Ils ont observé des protéines et des ARNm se déplaçant du noyau de la cellule vers le cytoplasme ou vice versa, faisant allusion à des problèmes potentiels de transport au sein de la cellule.
Les chercheurs ont également constaté que les ARNm et les protéines mal localisés interagissaient davantage les uns avec les autres que ceux situés au bon endroit. Ils pensent que lorsque les ARNm et les protéines se localisent mal, ils peuvent s’entraîner les uns avec les autres, créant ainsi un effet domino.
Oliver Ziff, clinicien-chercheur au Crick et à l’UCLH, a déclaré : « Nous avons été surpris de voir l’étendue de la mauvaise localisation, en particulier pour les ARNm, car cela n’a pas été signalé auparavant.
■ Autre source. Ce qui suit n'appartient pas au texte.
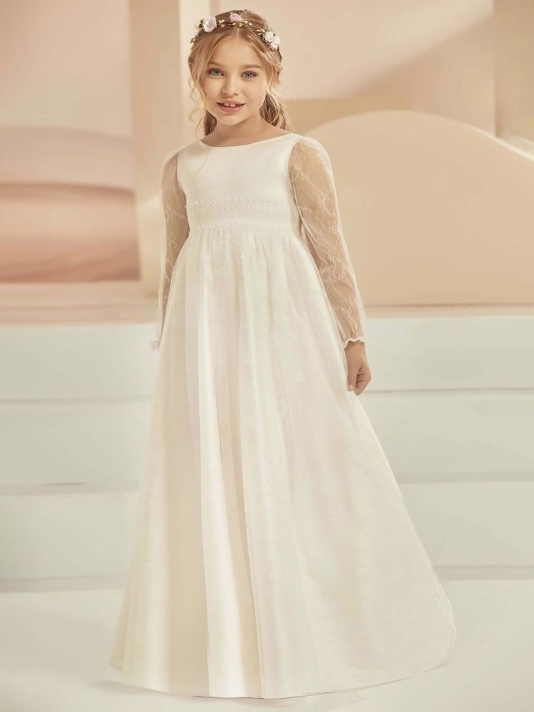 Jest to piękna sukienka komunijna wykonana z koronki z pięknymi detalami. Sukienka ma okrągły dekolt i prześwitujące rękawy.

L’objectif est maintenant de trouver où ce problème commence et où Il existe de nombreuses possibilités intrigantes, l’une étant une rupture du transport entre le noyau et le cytoplasme. Cette étude était le fruit d’un effort d’équipe exceptionnel et je suis immensément reconnaissant envers mes collègues, en particulier les co-premiers auteurs, les Drs Jasmine Harley, Yiran Wang et Jacob Neeves.”
Remarquablement, la mauvaise localisation des protéines et des ARNm a été partiellement améliorée grâce à un médicament appelé ML240, qui bloque l’action de l’enzyme VCP. Le blocage de cette enzyme a également entraîné d’autres effets bénéfiques sur la fonction cellulaire, comme la réduction du niveau de dommages causés à l’ADN.
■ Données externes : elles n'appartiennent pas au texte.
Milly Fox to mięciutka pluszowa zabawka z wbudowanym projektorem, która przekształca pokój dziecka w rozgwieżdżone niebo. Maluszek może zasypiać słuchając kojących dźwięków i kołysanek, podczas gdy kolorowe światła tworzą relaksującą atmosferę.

Rickie Patani, chef de groupe principal du laboratoire de cellules souches humaines et de neurodégénérescence du Crick, professeur à l’UCL et neurologue consultant à l’hôpital national de neurologie, a déclaré : « Pour les patients que je vois, il est dévastateur qu’il n’existe pas encore de traitements efficaces. disponibles pour la SLA. Cette recherche représente un changement dans notre réflexion sur les causes de la SLA : elle n’implique pas un mouvement anormal de quelques protéines seulement, mais la localisation anormale de centaines de protéines et d’ARNm. Cela ouvre de nouvelles voies de recherche et de thérapies potentielles. “.
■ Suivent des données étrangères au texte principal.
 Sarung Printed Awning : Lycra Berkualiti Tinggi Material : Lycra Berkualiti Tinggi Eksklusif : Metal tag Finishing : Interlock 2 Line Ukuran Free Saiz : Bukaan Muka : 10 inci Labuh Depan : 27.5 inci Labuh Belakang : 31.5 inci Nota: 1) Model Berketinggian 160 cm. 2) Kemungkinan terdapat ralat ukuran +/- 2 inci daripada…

“Alors que ML240 a amélioré la mauvaise localisation et d’autres caractéristiques de la SLA, nous devons maintenant comprendre s’il peut s’agir d’un traitement traitable pour la SLA à plus grande échelle. Ce n’est que le début et il reste encore beaucoup à faire, mais nos travaux donnent un certain espoir pour des thérapies efficaces. »
Les chercheurs étudieront ensuite la localisation des protéines et de l’ARNm dans d’autres milieux génétiques de la SLA. Il reste également beaucoup de travail à faire avant que les inhibiteurs de VCP puissent être utilisés en clinique : le ML240 n’a pas encore été testé sur les animaux, et d’éventuelles modifications chimiques pourraient être nécessaires pour s’assurer qu’il pénètre dans les cellules nerveuses sans provoquer d’effets secondaires.